Repeat, exactly as they appear, the lines from the one with "We left relatively" through the last line of the entries below, but none of the pictures.

:: Information given ::
______________________________

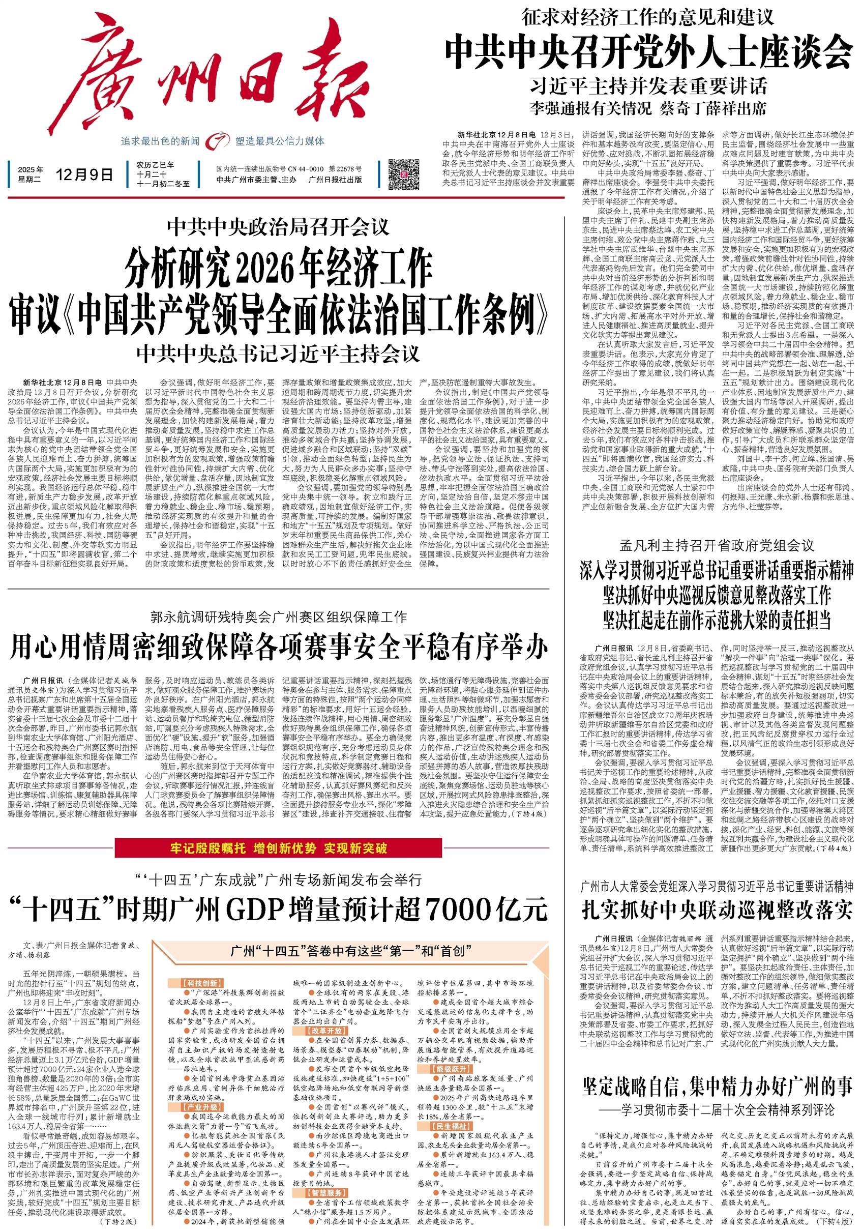 广州日报头版 A1“十四五”时期广州GDP增量预计超7000亿元 贾政、方晴、杨朝露2025-12-09 2 2025年12月09日 星期二
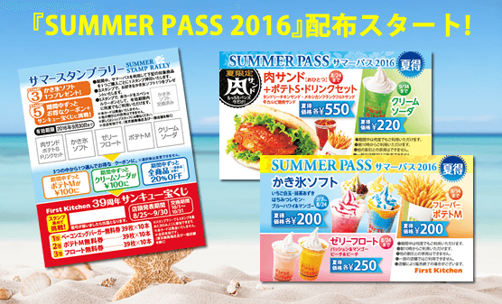 - 期間限定で、商品をご購入いただいたお客様にスタンプラリー、39周年サンキュー宝くじがついた『SUMMER PASS 2016』をお渡しいたします。人気商品や新商品のクーポンがついておりますので、ぜひご利用ください。
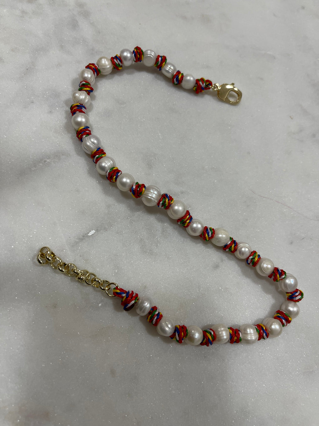 Freshwater Pearls & Knot Necklace Red
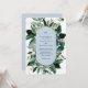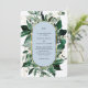 Modern båge, dammig blå botanisk grönska trädgård bröllop inbjudan. Vattenfärg Botaniska blad, trädgård tema elegant bröllops inbjudan.
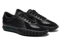 "DUCK TIGER TR," a modern update of classic charm. Based on a simple and refined design of Onitsuka Tiger archive training footwears, it features a three-dimensional metal logo and ventilation holes for breathability, adding a playful touch. The unique sole shape reminiscent of a duck's bill, along with the plump silhouette in the forefoot, creates an impressive contrast in design. The upper is made of smooth cow leather and soft suede, providing luxury and durability. The outsole pattern is a modern twist on archive throwing shoes, while the lightweight and responsive midsole supports comfortable walking. Additionally, the heel incorporates GEL technology for excellent shock absorption. The high-performance sockliner gently wraps the foot and is removable for added convenience. Effectively placed flex grooves enhance flexibility, pursuing natural movement and superior cushioning. This multiple uses shoe excels in various settings, from casual to mode. DETAIL INFORMATION - Brand: ONITSUKA TIGER - Country of Manufacture: Vietnam - Part No: 1183C363 - 1183C363.002 BLACK/BLACK - Upper material/surface: LEATHER - Outer Sole Material: RUBBER
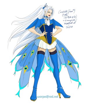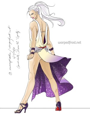 I struggled with this one the most. I don’t even remember the order of my train of thought, but some points it hit where “bird of paradise (the flower),” “birds,” “Björk’s swan dress but with a chocobo instead,” “Athena in armor,” “exotic dancing,” and “belly dancing.” I initially decided to go with a dance theme again, and watched lots of dancing videos, made several rough croquis, and then, for whatever reason, decided the thing to do was exotic birds after all.
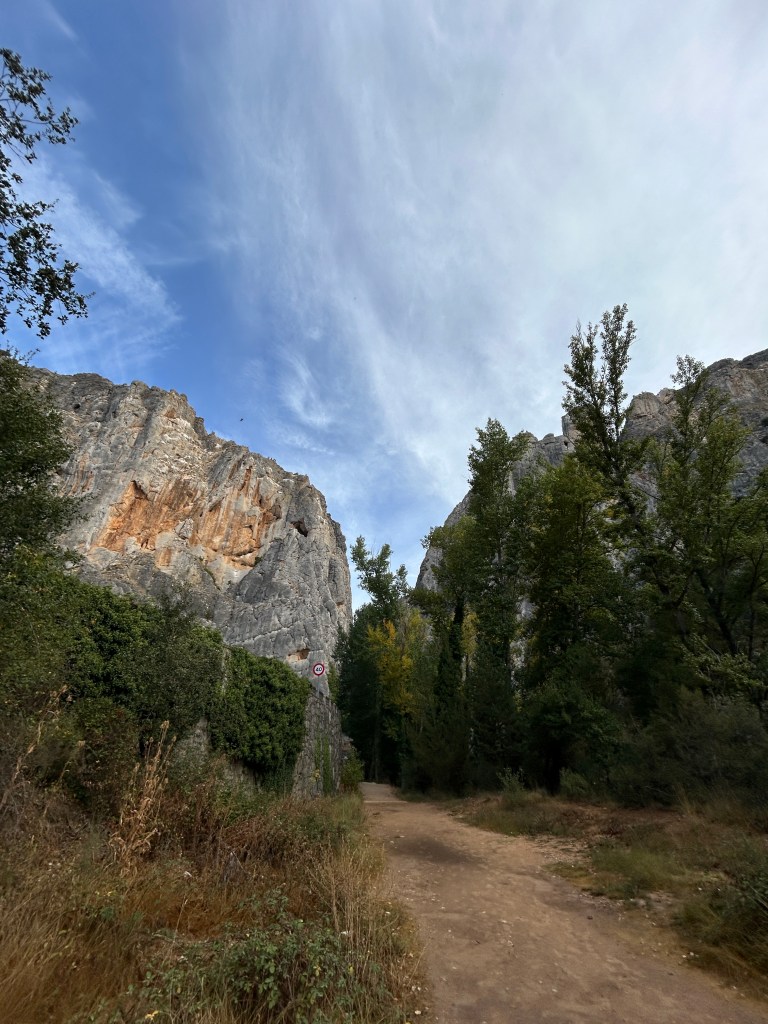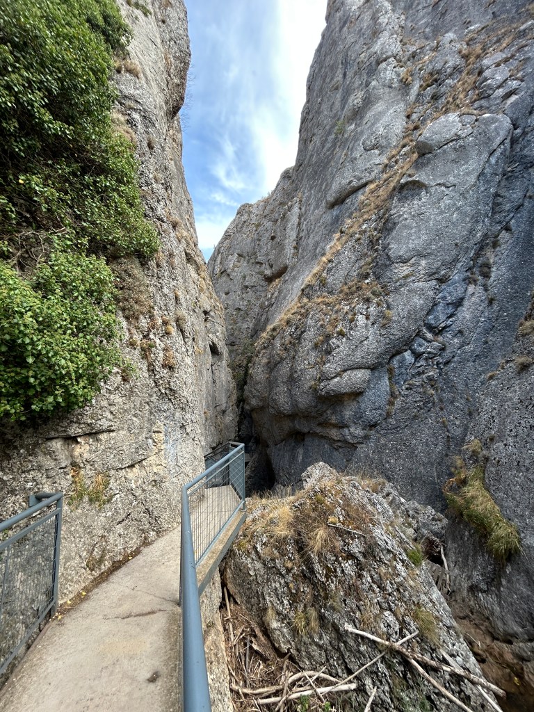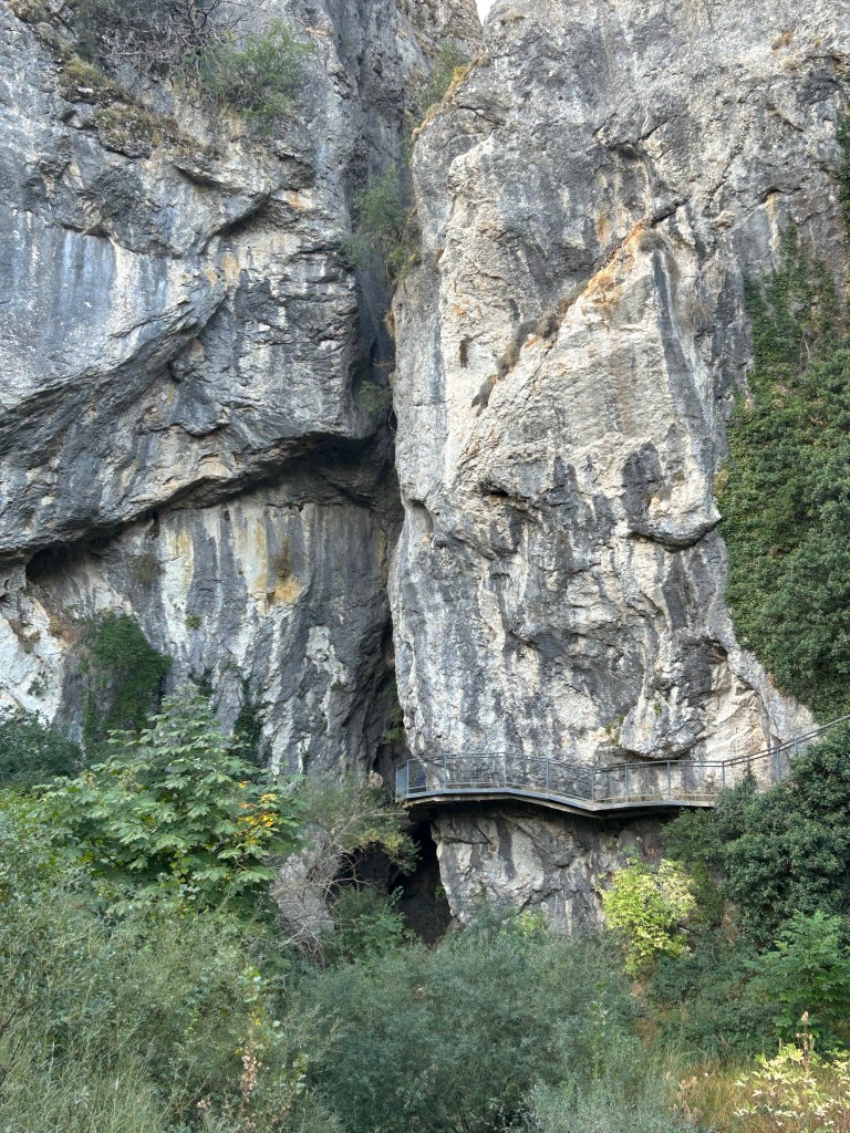 We left relatively early the next morning to drive to the La Yecla gorge walk that David and Janette had recommended in the Frias park up. We parked outside the huge tunnels carved through the cliffs for the traffic to drive through, and walked in, watching the huge vultures and raptors circling above, and praying one wouldn’t swoop down and carry me off by my hair!
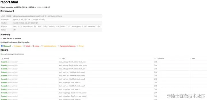 生成的测试报告最终是 HTML 格式,报告内容包括标题、运行时间、环境、汇总结果以及用例的通过个数、跳过个数、失败个数、错误个数,期望失败个数、不期望通过个数、重新运行个数、以及错误的详细展示信息。报告会生成在运行脚本的同一路径,需要指定路径添加–html=path/to/html/report.html 这个参数配置报告的路径。如果不添加 --self-contained-html 这个参数,生成报告的 CSS 文件是独立的,分享的时候容易千万数据丢失。

______________________________

:: Result of this exercise ::
 We left relatively early the next morning to drive to the La Yecla gorge walk that David and Janette had recommended in the Frias park up. We parked outside the huge tunnels carved through the cliffs for the traffic to drive through, and walked in, watching the huge vultures and raptors circling above, and praying one wouldn’t swoop down and carry me off by my hair!
 生成的测试报告最终是 HTML 格式,报告内容包括标题、运行时间、环境、汇总结果以及用例的通过个数、跳过个数、失败个数、错误个数,期望失败个数、不期望通过个数、重新运行个数、以及错误的详细展示信息。报告会生成在运行脚本的同一路径,需要指定路径添加–html=path/to/html/report.html 这个参数配置报告的路径。如果不添加 --self-contained-html 这个参数,生成报告的 CSS 文件是独立的,分享的时候容易千万数据丢失。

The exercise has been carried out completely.